I was looking for the reason why the percentages calculated with all_data were different from calculating them separately. Finally found the answer here.

Thanks so much for discussing this issue. I’ve encountered the same thing while working with the data, and I was wondering what went wrong with my codes. Yet, when I calculated the number of rows of visit_cart, it’s exactly 2000 rows. The number became different only when I combined all tables into all_data.

At first, I thought there were some problems with my calculations because I did it differently compared to the video. So I revised my codes and followed the same way the guy did. And both ways yielded the same results: 82.6%, 25.31% and 16.8% respectively. Anyone has the same results?

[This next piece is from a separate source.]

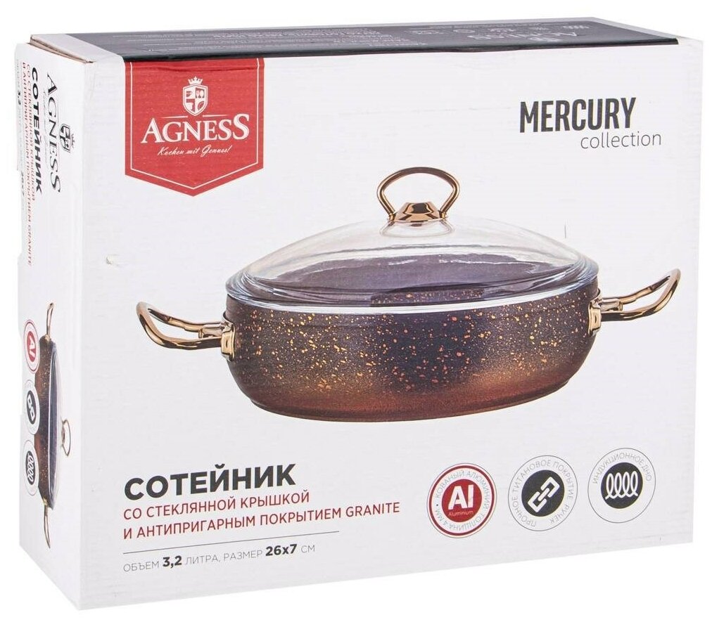 Сотейник Agness "MERCURY", 4, 0 л., PFOA FREE Agness 953-007 информация:
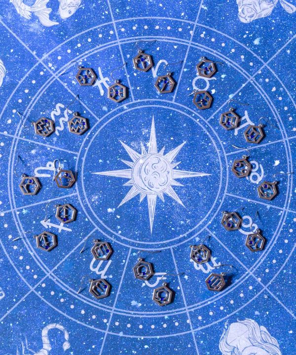 空に輝く星座たちをお守りに。きらりと輝く青いストーンが美しいピアスです。直線を基調としたシンプルなデザインで、性別を問わずに身に付けられます。大切な方への贈り物にもおすすめです。

Also, my other question here is whether we should drop the rows where user_id is duplicated since one user can leave and comeback. And this should be considered valid visits though.

My codes look a bit different though. Could anyone review these lines for me? Much appreciated.

Hey man. Interestingly, after cleaning the data using .drop_duplicates(), I got the same results as yours.
Yet, probably our solutions are problematic since we don’t know if we should drop all the duplicates or not.

all_data = visits.merge(cart, how='left').merge(checkout, how='left').merge(purchase, how='left').reset_index(drop=True)
all_data.drop_duplicates(subset='user_id', inplace=True)

Here is my code, btw:

I got the same answers as you. I’m learning still, but your solution to use nunique was more efficient than what I did which was to groupby and then count.